Trusts on the California Bar Exam


  1. Private Express Trust: A fiduciary relationship with respect to property whereby one person, the trustee, hold legal title for the benefit of another, the beneficiary, and which arises out of a manifestation of intent to create it for a legal purpose.

    1. Trust property: any presently existing interest in property that can be transferred can be the corpus of a trust. E.g. fee simple, future interest, life insurance. But not illusory interests.

    2. The beneficiary: any ascertainable person or group of people can be the beneficiary (“B”), including a corporation, or unincorporated ass’n (modern law only). But, watch out for the RAP.

    3. Trustee: A trust must have a trustee, but the court will not allow the trust to fail solely b/c there is no trustee. When necessary, the court will appoint a trustee.

    4. Intent: Settlor (“S”) must manifest an intention to create a trust.

      1. Must use mandatory words, rather than words of mere hope or desire (precatory words + parol evid. may = a trust). But, if precatory words + parol evid. are insufficient, transferee owns property in fee simple.

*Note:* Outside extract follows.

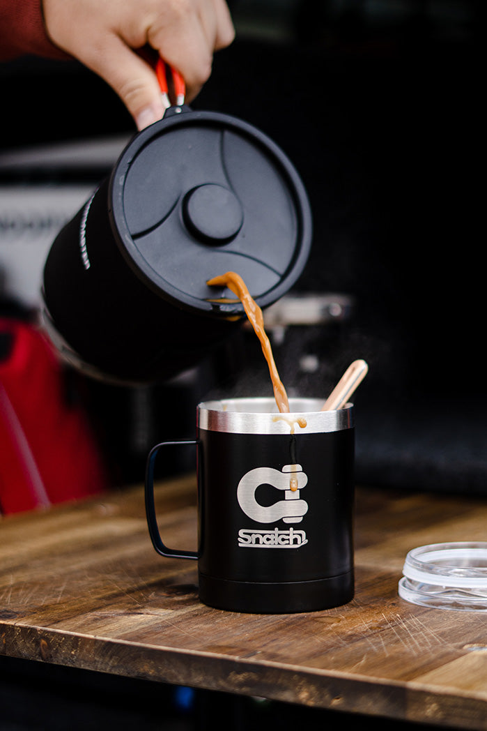 Keep your morning Coffee hot at camp or while you hit the tracks with our New Snatch Thermal Mugs! These Thermal Mugs are made with a Dual-Wall stainless steel construction for ultimate insulation and are powder-coated in either Black or Red, with Snatch branding bold and proud.

      2. Oral trust okay for personal property, but writing required if res is land (SoF).

      3. Creation

        1. Trust to take effect at S’s death – must comply w/ local probate code

        2. Trust to take effect during S’s lifetime – two methods

          1. Transfer in Trust (3rd party as trustee): For a trust of real property, the S must execute and deliver a deed transferring title to the trustee. For a trust of personal property S must deliver trust property to the trustee.

          2. Declaration in Trust (S as trustee): For a trust of real property, there must be a writing satisfying the SoF which indicates the S is also the trustee. For personal property, look for present manifestation of intent.

    5. Purpose: Trust must have a valid purpose not contrary to public policy or illegal.

      1. If illegality at creation, try to excise the illicit condition. If you can, the trust will stand, if not, the court will either (1) invalidate the trust at its inception or (2) All the trustee t keep the property for himself.

      2. If illegality after creation: a resulting trust is decreed (trustee must transfer the property back to the S if alive, if not to the S’s estate).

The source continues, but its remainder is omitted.